The U.S. Bank Freight Payment Index just confirmed it in writing — dry van spot rates up 31.29% year over year in May, contract rates up 9%, and a market that has flipped from a three-year recession into a genuine upcycle. Today's briefing covers why the gap between spot and contract is the danger zone on your book right now and why shippers watching that 31% climb are receptive to renewal conversations today, South Carolina Ports pausing the Leatherman terminal August 1 and why that reroutes Southeast import flows to Savannah fast enough to reshape your drayage and outbound Georgia lane pricing, and Del Monte flagging a $40 million ocean freight headwind from Middle East tensions — a cost that doesn't stay on the water and will show up as tighter scrutiny on your domestic rates from import-heavy shippers. We also get into a new short-line rail project at Laredo as a signal that nearshoring freight infrastructure is only getting bigger, renewable diesel as a differentiator for sustainability-minded shippers, and the regulatory tightening on autonomous vehicles pushing driverless timelines further out. The market has turned. The broker who gets proactive on renewals now owns the relationship through the back half of the year.
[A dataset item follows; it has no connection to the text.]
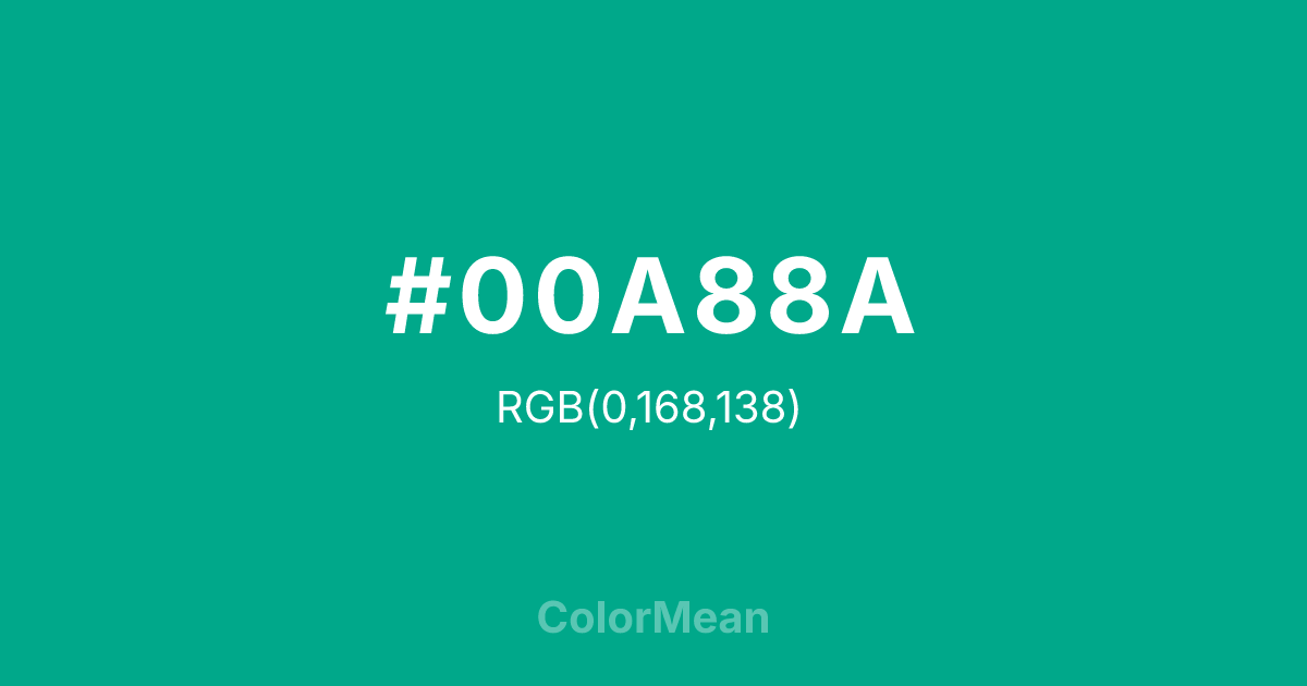 #00A88A RGB value is (0, 168, 138). The hex color red value is 0, green is 168, and blue is 138. Its HSL format shows a hue of 169°, saturation of 100 percent, and lightness of 33 percent. The CMYK process values are 100 percent, 0 percent, 18 percent, 34 percent.
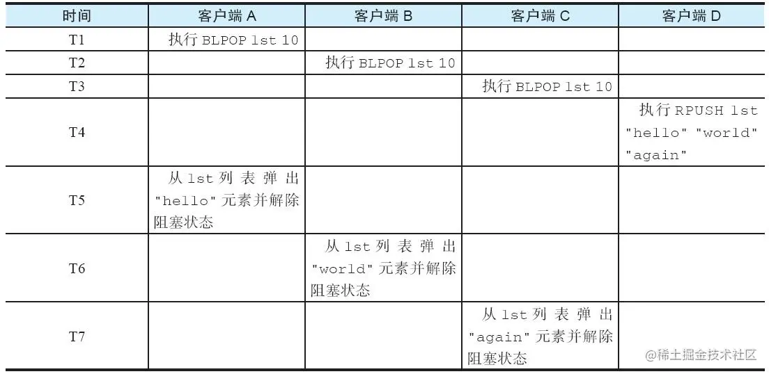 如果在同一时间,有多个客户端因为同一个列表而被阻塞,那么当导致阻塞的列表变为非空时,服务器将按照“先阻塞先服务”的规则,依次为被阻塞的各个客户端弹出列表元素。

Over a million dollars in data center equipment recovered from a suburban Chicago truck yard — stolen trailers that originated in Alabama and Florida — and if you're booking copper, server hardware, or anything tied to the infrastructure boom, you're a target whether you know it or not. Today's briefing covers why high-value freight vetting needs to tighten before the holiday week, when fraudsters know your team is short-staffed and moving fast, a $295 million ship channel deepening at Brownsville paired with a $500 million battery-materials project and Palmer Holland expanding into Mexico — three signals pointing to South Texas freight lanes getting significantly denser through the back half of the year. We also get into last-mile AI being pointed at the wrong problems and why the brokers who win retail and e-commerce accounts will be solving the messy human parts of delivery that routing algorithms keep ignoring, weigh station bypass expanding via mobile apps as a tell on which carriers are running tight efficient operations worth keeping in your network, and China Southern ordering seven Boeing freighters as a cross-Pacific air freight demand signal for high-value manufactured goods. Last week of the quarter — one more shot to clean up your margins before July resets the board.